Task to carry out — Each record should be copied exactly into the answer, and no picture should go with it.

-------

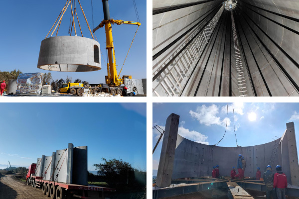裝配式風(fēng)電混塔,采用多節(jié)多片組裝而成,一般高度均在100米以上,最高有180米。底部最大直徑有11米,頂部最小直徑有4米,每節(jié)高度2~4米不等,采用高強(qiáng)度混凝土澆筑而成。
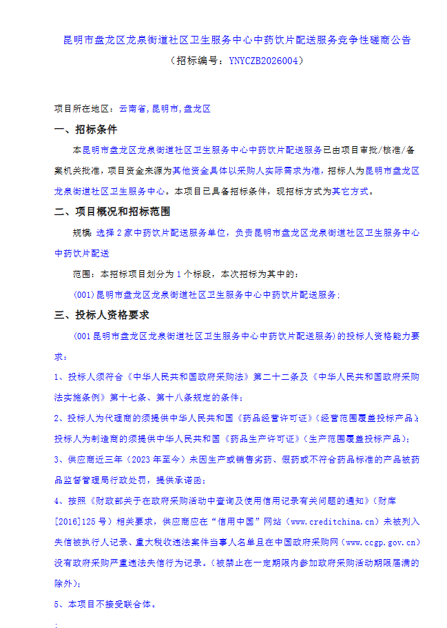 【昆明市盘龙区龙泉街道社区卫生服务中心】云南省昆明市盘龙区龙泉街道社区卫生服务中心中药饮片配送服务竞争性磋商公告
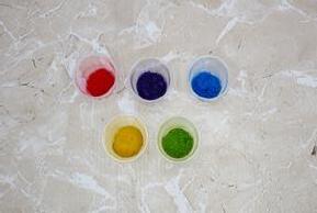 Pour each color of sugar into a small cup.
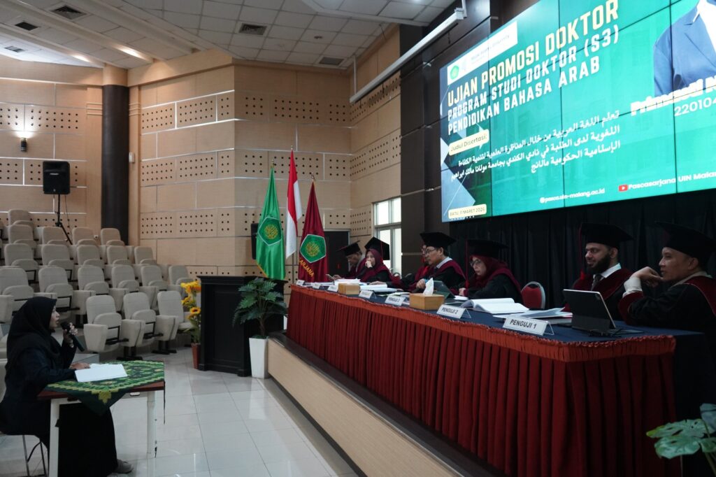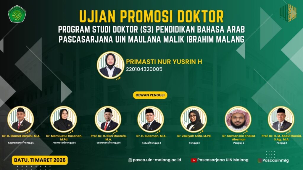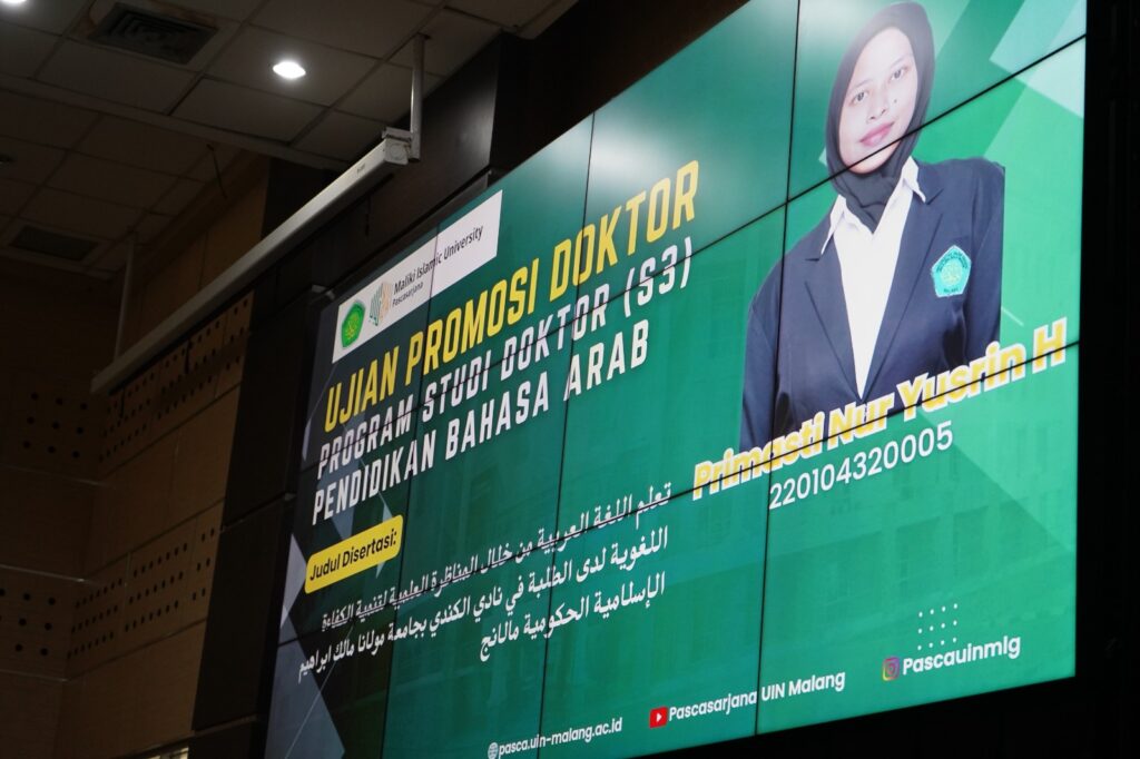 Malang — Pascasarjana UIN Maulana Malik Ibrahim Malang kembali menggelar ujian terbuka promosi doktor yang diikuti oleh Promovendus Primasti Nur Yusrin H. Dalam sidang terbuka tersebut, ia mempertahankan disertasinya yang berjudul “تعلم اللغة العربية من خلال المناظرة العلمية لتنمية الكفاءة اللغوية لدى الطلبة في نادي الكندي بجامعة مولانا مالك ابراهيم الإسلامية الحكومية مالانج”, yang mengkaji pembelajaran bahasa Arab melalui metode debat ilmiah untuk meningkatkan kompetensi kebahasaan mahasiswa.
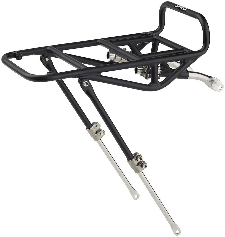 A traditional-style Porteur rack that mounts securely to mid-blade and crown eyelets of Surly forks, making it compatible with fat bike and 29+ wheels.
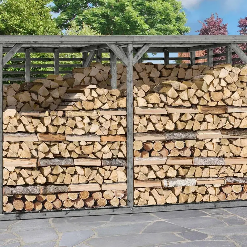 Brændeskur model GIGA ekstra stort brændeskur i grå trykimprægneret træ
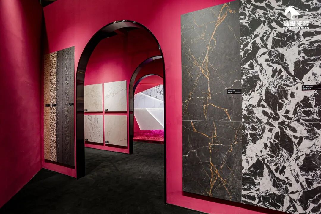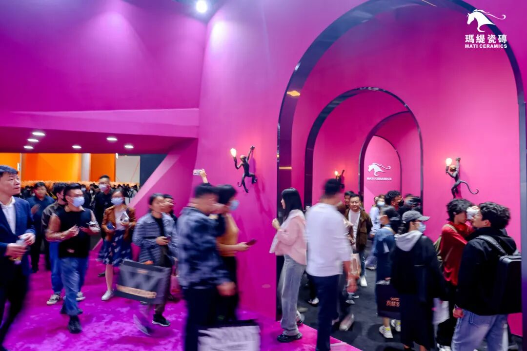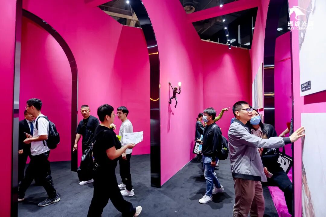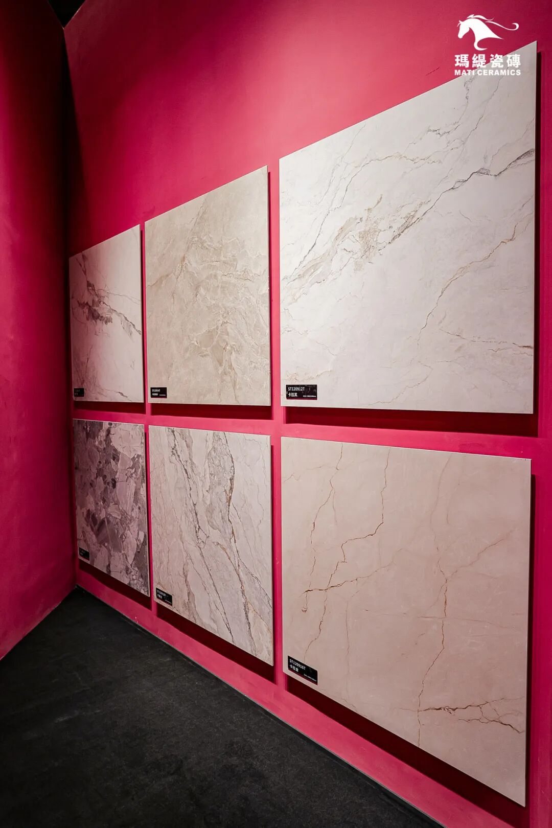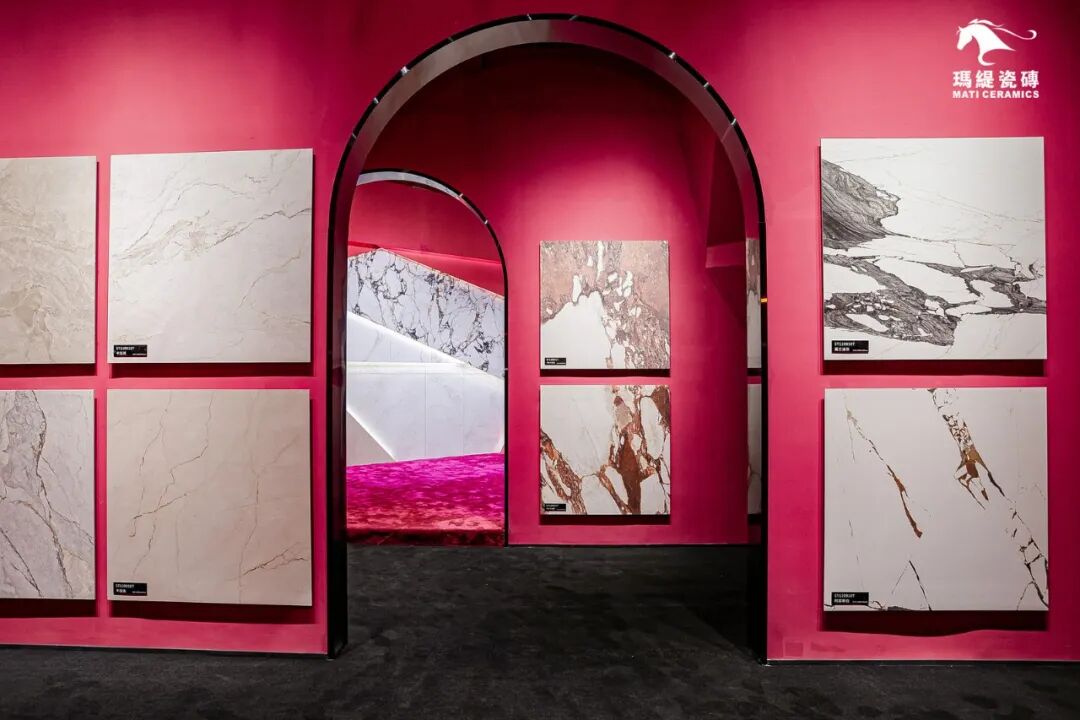 玛缇展馆通过产品设计、艺术陈列,展厅氛围,透过极具张力的色彩,烘托出浪漫的气息,以生活化的场景塑造来引起观者内心的共鸣、最终抵达人们对美的期待与幻想,用场域叙述材料特有的故事性,让产品成为吸睛的亮点,为设计师带来启迪,也是玛缇瓷砖参展广州设计周最大的意义和价值。
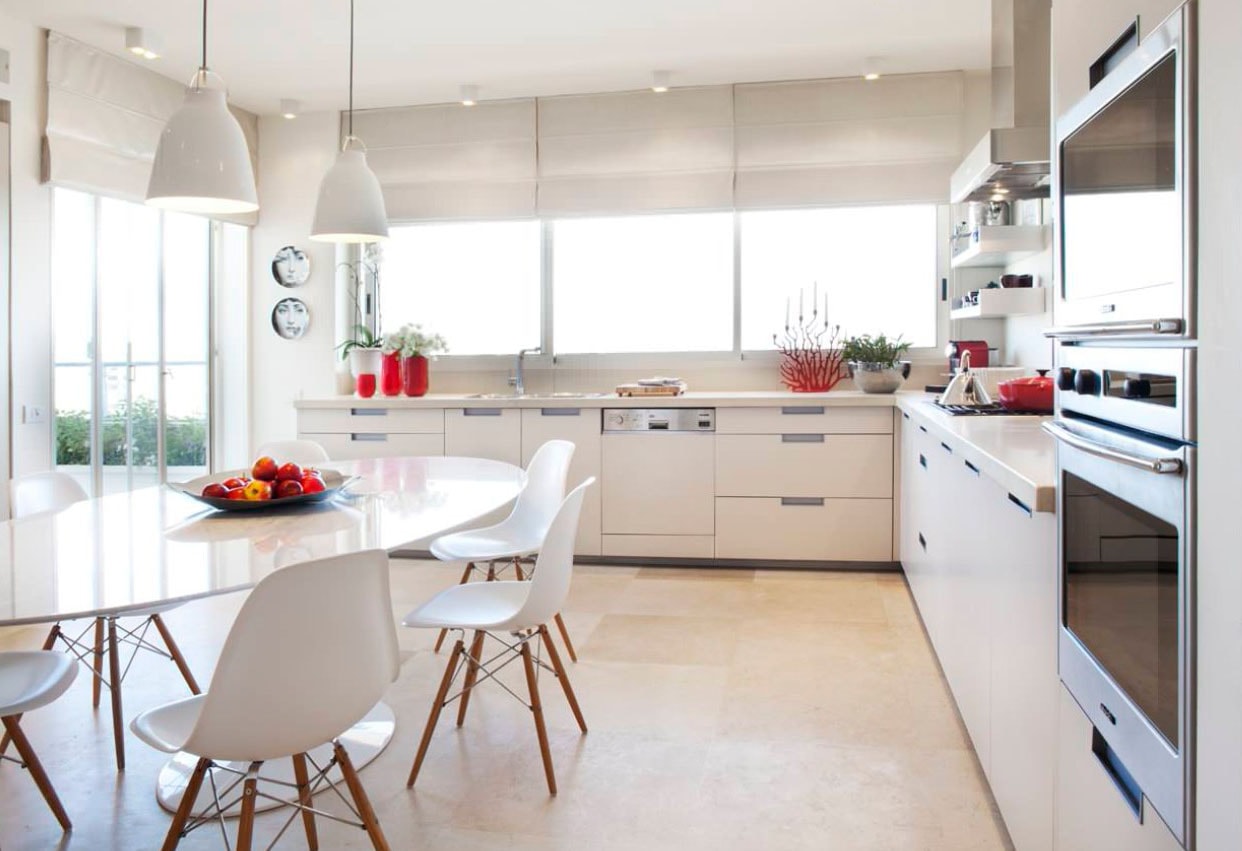 Incorporating a touch of femininity, this kitchen balances sleek, modern lines with soft, elegant details. The glossy white cabinets paired with a dark marble backsplash create a sophisticated contrast. The dining area, featuring a white table and plush chairs, adds a comfortable, feminine vibe, making it an inviting space for gatherings. The integration of artwork and a flower arrangement further softens the overall look, making this kitchen a harmonious blend of style and function.

-------

Final answer —
裝配式風(fēng)電混塔,采用多節(jié)多片組裝而成,一般高度均在100米以上,最高有180米。底部最大直徑有11米,頂部最小直徑有4米,每節(jié)高度2~4米不等,采用高強(qiáng)度混凝土澆筑而成。
 【昆明市盘龙区龙泉街道社区卫生服务中心】云南省昆明市盘龙区龙泉街道社区卫生服务中心中药饮片配送服务竞争性磋商公告
 Pour each color of sugar into a small cup.
 Malang — Pascasarjana UIN Maulana Malik Ibrahim Malang kembali menggelar ujian terbuka promosi doktor yang diikuti oleh Promovendus Primasti Nur Yusrin H. Dalam sidang terbuka tersebut, ia mempertahankan disertasinya yang berjudul “تعلم اللغة العربية من خلال المناظرة العلمية لتنمية الكفاءة اللغوية لدى الطلبة في نادي الكندي بجامعة مولانا مالك ابراهيم الإسلامية الحكومية مالانج”, yang mengkaji pembelajaran bahasa Arab melalui metode debat ilmiah untuk meningkatkan kompetensi kebahasaan mahasiswa.
 A traditional-style Porteur rack that mounts securely to mid-blade and crown eyelets of Surly forks, making it compatible with fat bike and 29+ wheels.
 Brændeskur model GIGA ekstra stort brændeskur i grå trykimprægneret træ
 玛缇展馆通过产品设计、艺术陈列,展厅氛围,透过极具张力的色彩,烘托出浪漫的气息,以生活化的场景塑造来引起观者内心的共鸣、最终抵达人们对美的期待与幻想,用场域叙述材料特有的故事性,让产品成为吸睛的亮点,为设计师带来启迪,也是玛缇瓷砖参展广州设计周最大的意义和价值。
 Incorporating a touch of femininity, this kitchen balances sleek, modern lines with soft, elegant details. The glossy white cabinets paired with a dark marble backsplash create a sophisticated contrast. The dining area, featuring a white table and plush chairs, adds a comfortable, feminine vibe, making it an inviting space for gatherings. The integration of artwork and a flower arrangement further softens the overall look, making this kitchen a harmonious blend of style and function.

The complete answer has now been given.